French drug maker Sanofi-Aventis (NYSE: SNY) agreed to acquire U.S. biotechnology company Genzyme (Nasdaq: GENZ) for $74.00 per share in cash or about $20.1 billion, plus extra payments linked to experimental multiple sclerosis drug Lemtrada.

The purchase of Genzyme would give Sanofi access to the growing market of rare diseases and also compensate for revenue losses as patents expire on some of its biggest-selling products.

The offer price represents a discount of 0.4 percent to Genzyme closing price of $74.30 on Tuesday.

This transaction will create a meaningful new growth platform for sanofi-aventis while expanding our footprint in biotechnology, said Sanofi chief executive Christopher Viehbacher.

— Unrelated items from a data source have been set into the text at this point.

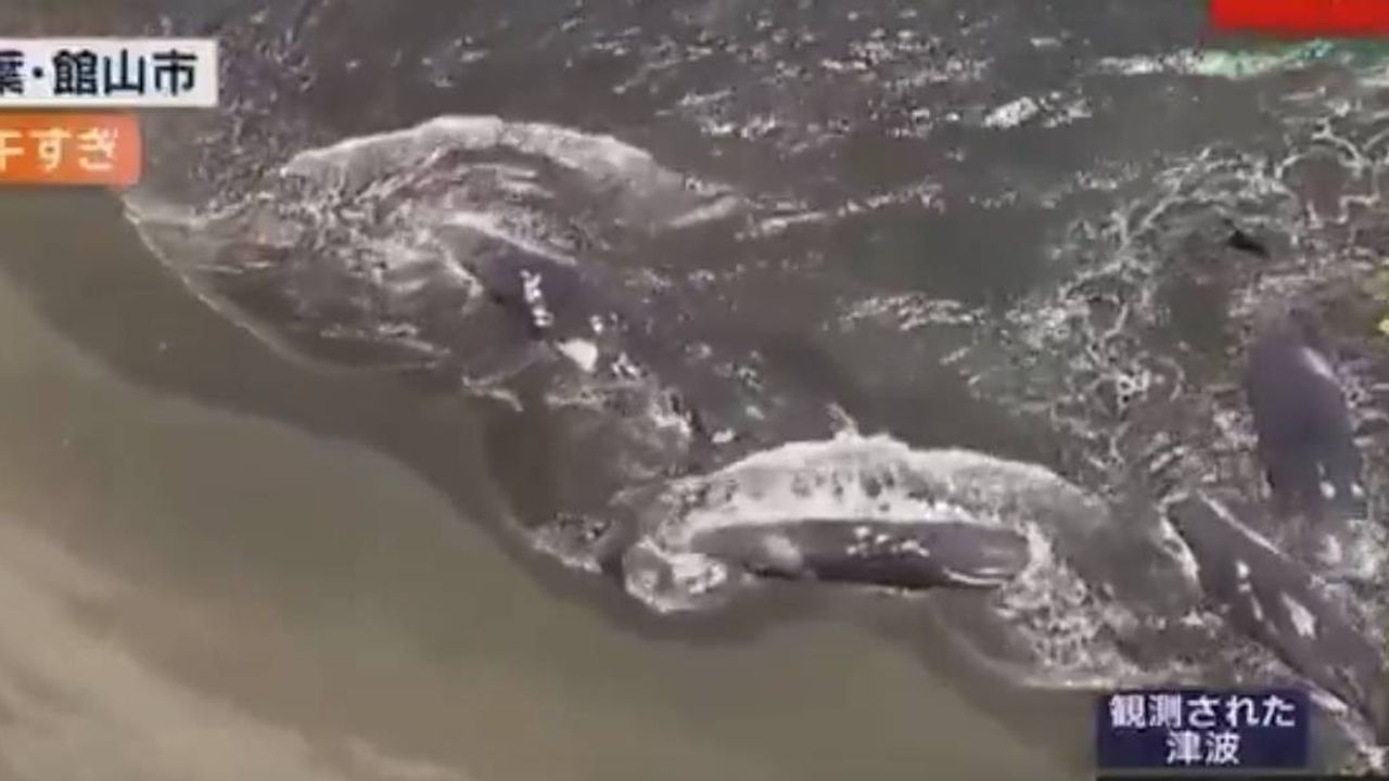 Rusya'nın Kamçatka Yarımadası açıklarındaki 8,8'lik deprem sonrası Japonya'da tsunami dalgaları ile balinaların kıyıya vurdu.
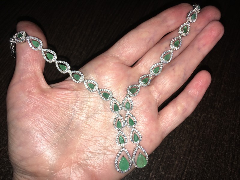 Размеры: изумруды — 9х7 и 5х3 мм, фианиты — 1 мм; общая длина — 18 дюймов (46 см).
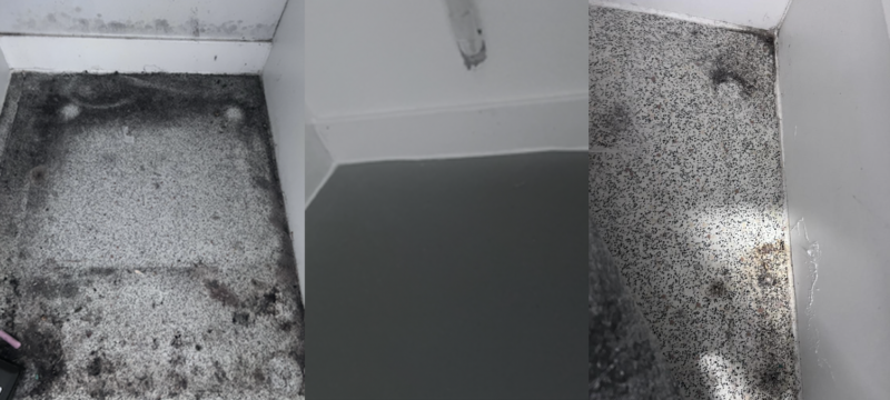 But Ms Mendez said that when she moved back in in August, the mould had just been covered with plastic sheets of lino, which she can lift up to reveal the dark patches.
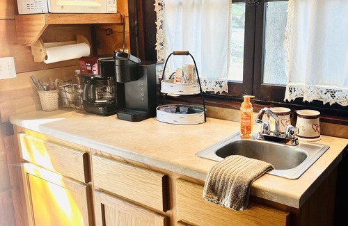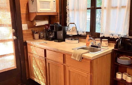 Step inside to discover a blend of elegance and coziness, featuring original hardwood floors, a stone fireplace, and quaint dining furniture. The oversized jetted tub with an overhead rain shower invites you to relax and unwind after a day of exploring. Enjoy the comfort of a king-size bed and well-appointed kitchenette, ensuring you have everything you need for a pampered stay. Whether you're making new memories or reminiscing about past ones, this charming cabin provides the perfect backdrop for love and connection.
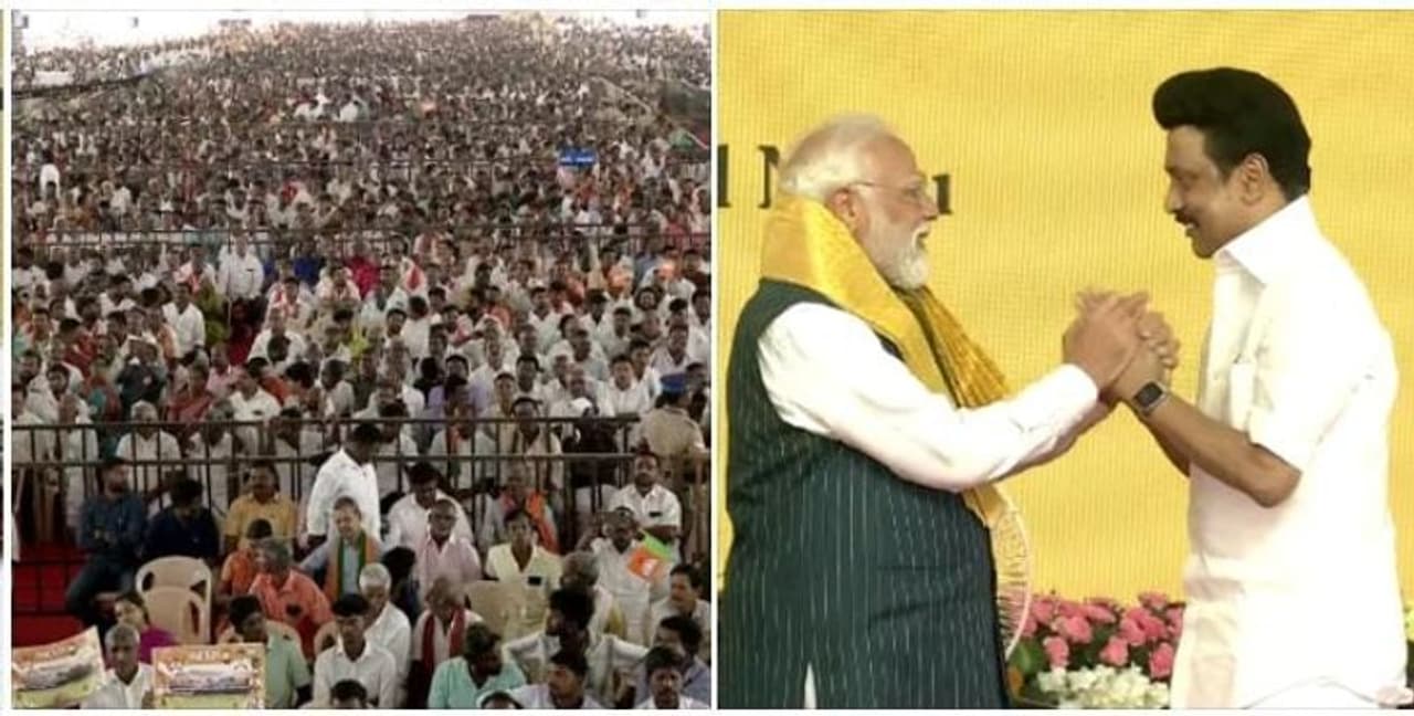 ஆனால், 'காங்கிரஸ் ஆட்சியை விட இரண்டரை மடங்கு அதிகமாக பா.ஜ.க. அரசு தமிழ்நாட்டுக்கு நிதி கொடுத்ததாக' திருச்சி கூட்டத்தில் பிரதமர் பேசி இருக்கிறார். ஒரே ஒரு திட்டத்துக்கு ஒதுக்கப்பட்டதை மட்டும் பார்ப்போம். மெட்ரோ ரயில் திட்டம் ஒன்றிய அரசின் சாதனையாகச் சொல்லப்படுகிறது. 2018 முதல் 2023 வரைக்கும் 6 ஆண்டு காலத்தில் தமிழ்நாட்டின்மெட்ரோ ரயில் திட்டத்துக்காக ஒன்றிய அரசு ஒதுக்கிய தொகை 3 ஆயிரத்து 273 கோடி ரூபாய்.
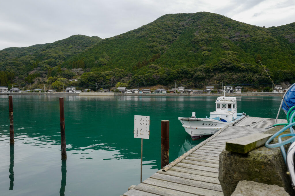 ちょうど一瞬だけ晴れ間がのぞいて、碧い海と山の間に佇む崎津のちいさなちいさな集落がきれいに見えた。
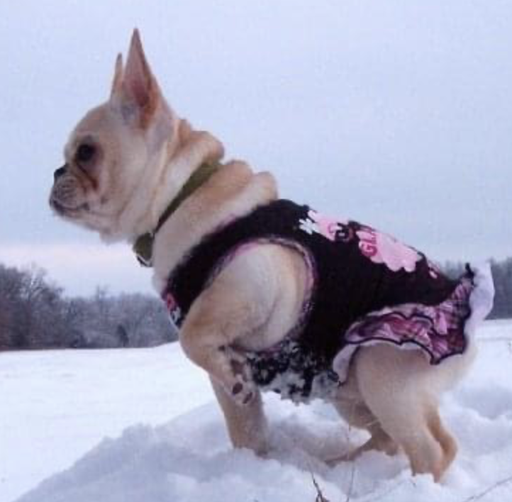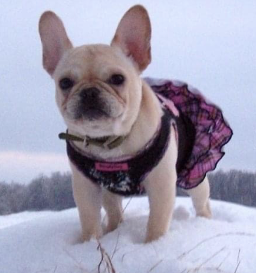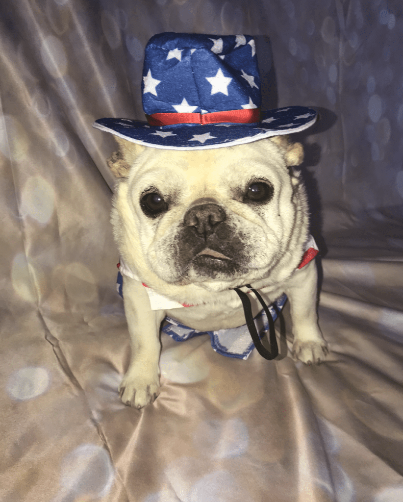 I fell in love with Paris the moment I saw her. She was the smallest one in the litter and a little pudge. A football is what she resembled. Her tongue was always sticking out and I’d say her tongue is longer than her body. Now Paris was the opposite in potty training. She was at least 8 months before being fully potty trained. I discovered that she was scared of the dark and we’d be outside for hours after the sun went down trying to pee. I can see her now. Little pudge ball with her hair staniding up on her back with her front little paw lifted and tucked under while making her best little growl bark at the slightest noise (see pic below). When I say slightest it could be the wind blowing the glass. I almost gave up on her. She must have known because all of a sudden she was potty trained. There’s little baby dressed up like a purple monkey for halloween with Darcy as a witch. I still have that witch costume and many more Frenchies have also been lucky enough to wear it.
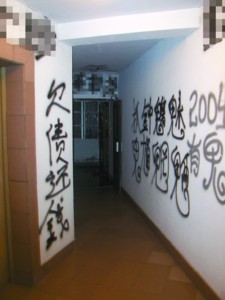 昨晚,記者在該樓20層看到,雪白的墻面上幾乎被黑漆涂滿了字。居民走出電梯或家門,映入眼簾的便是“殺”、“死”、“此屋有鬼”、“欠債還錢”之類的大字。2004室的鐵皮防盜門已被砸得嚴重變形,門鎖上方有一個碗大的窟窿。透過窟窿,記者發現里面似乎已多時沒有人住了。

Viehbacher said he expects the transaction to be accretive from year one, and the Contingent Value Right (CVR) structure rewards both Genzyme and sanofi-aventis shareholders, particularly if Lemtrada outperforms the market's current expectations.

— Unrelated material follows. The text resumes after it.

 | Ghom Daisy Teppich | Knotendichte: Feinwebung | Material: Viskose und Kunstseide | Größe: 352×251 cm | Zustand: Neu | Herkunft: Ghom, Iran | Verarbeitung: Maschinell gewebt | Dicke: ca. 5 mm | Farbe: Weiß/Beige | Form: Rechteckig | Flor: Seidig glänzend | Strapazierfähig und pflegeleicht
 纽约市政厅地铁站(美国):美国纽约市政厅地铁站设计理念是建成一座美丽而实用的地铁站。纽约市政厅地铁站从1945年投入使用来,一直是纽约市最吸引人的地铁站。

Sanofi's agreement puts an end to nearly a nine-month battle between the companies after Genzyme had last year rejected Sanofi's $69 per share or $18.5 billion offer on grounds of undervaluation. Sanofi took the bid directly to shareholders in October and extended the offer until February 15.

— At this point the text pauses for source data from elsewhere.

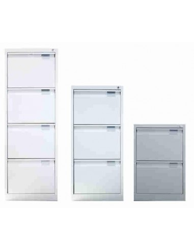 Realizados en plancha de acero entre 0.6 y 0.8 mm de espesor. Estructura soldada. Cajones con guías metálicas y rodamientos de alta resistencia de extracción total, con sistema de cierre centralizado y antivuelco. Barra móvil que permite archivar tamaño folio y D4. Cumplen normativa BS4875 punto 7. Garantía 5 años. Acabado de color gris RAL7035. Se suministran montados.
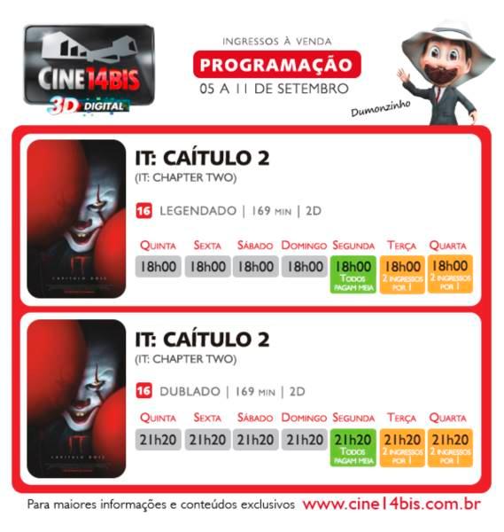 "It" consta de uma produção norte-americana, distribuído pela Warner Bros, com 169 minutos de duração, veiculação em 2D, com sessões disponíveis às 18h e 21h20, no Cine 14 Bis. Conforme a história, a cada 27 anos, o mal revisita a cidade de Derry, Maine. IT: A Coisa- Capitulo 2 traz os mesmos personagens – que há muito tempo seguiram seus próprios caminhos – de volta como adultos, quase três décadas depois dos eventos do primeiro filme.
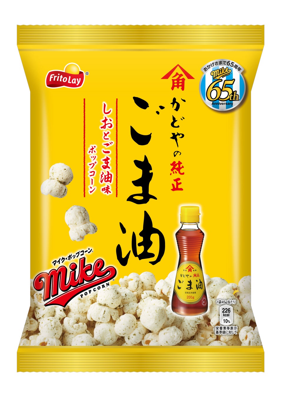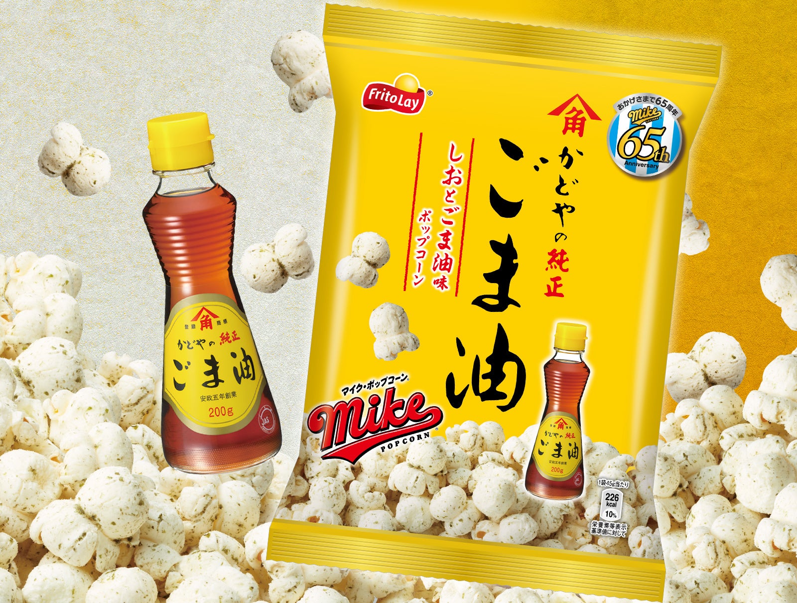 2018年6月に発売し、そのやみつきになる味わいから話題となった『マイクポップコーン しおとごま油味』が復活します。本商品は、2022年で発売65周年を迎える「マイクポップコーン」と、発売55周年を迎えるかどや製油株式会社の「純正ごま油」との、ロングセラー同士の周年コラボレーション商品です。
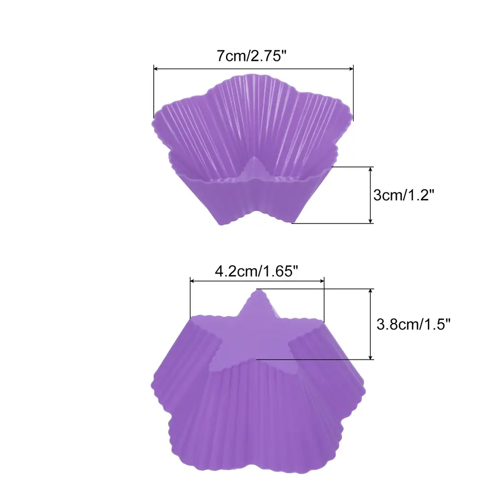 Advantage:Material - This baking cup is made of silicone material, sturdy and flexible, easy to remove, and non-stick, making your baking much easier.Heat Resistant - Withstand temperatures from 446°F (230°C) to-40°F (-40°C). Safe for use in the dishwasher, refrigerator, freezer, microwave, air fryer.Easy To Use - Spray with a little oil before using, then simply place the cupcake liner on a cookie sheet, fill and bake, and release donut easily.Easy To Clean - Just rinse silicone muffins cups with soapy water after each use, and then let them air dry. Also, you can put them in the dishwasher. No more scraping your treats out from the liner.Wide Application - Great for making tarts, baking muffins, and preparing frozen foods, cupcakes, pastry, desserts on baking sheets.Occasion - Widely applied for birthday parties, bachelorette parties, weddings, and other family gatherings to prepare tea desserts.Specification:Material: SiliconeColor: RedShape: StarOpen Diameter: 7cm/2.75inch;Bottom Length: 3.8cm/1.5inch;Bottom Diameter: 4.2cm/1.65inch;Height: 3cm/1.2inch; Package Included: 18Pcs x silicone cupcake liners
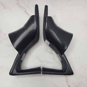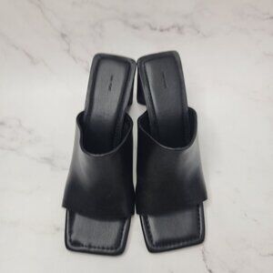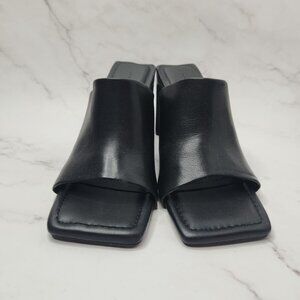 Oak & Fort Peep Toe Mule Black Leather Sandal Y2K Square Block Heel Size 9

Sanofi also announced on Wednesday that it has extended the current tender offer until March 16.

Sanofi expects the deal to add to its business net earnings per share in the first year following closing, and accretive in the range of euro 0.75 – euro 1.00 by 2013.

The two companies were engaged in discussions regarding a potential CVR for Lemtrada (alemtuzumab MS) with milestone payments based upon approval and certain sales thresholds. Although those talks have continued and have included commercial teams and executives of both the companies, significant differences remained on the potential CVR and the value of Sanofi's offer.

Viehbacher said the CVR structure served as an important value bridge between the two companies.

The CVR terminates on December 31, 2020 and entitles Genzyme’s stockholders to payments worth up to $14 in total, depending mainly on the performance of Lemtrada.

The transaction has already received anti-trust clearance from the European Commission and the United States Federal Trade Commission.

The acquisition would be the biggest industry takeover since Merck bought rival Schering-Plough for about $47 billion in November 2009, according to Bloomberg data.

The transaction is expected to close early in the second quarter of 2011.

ADR's of SNY ended Tuesday's regular trading at $34.49, up 1.92 percent.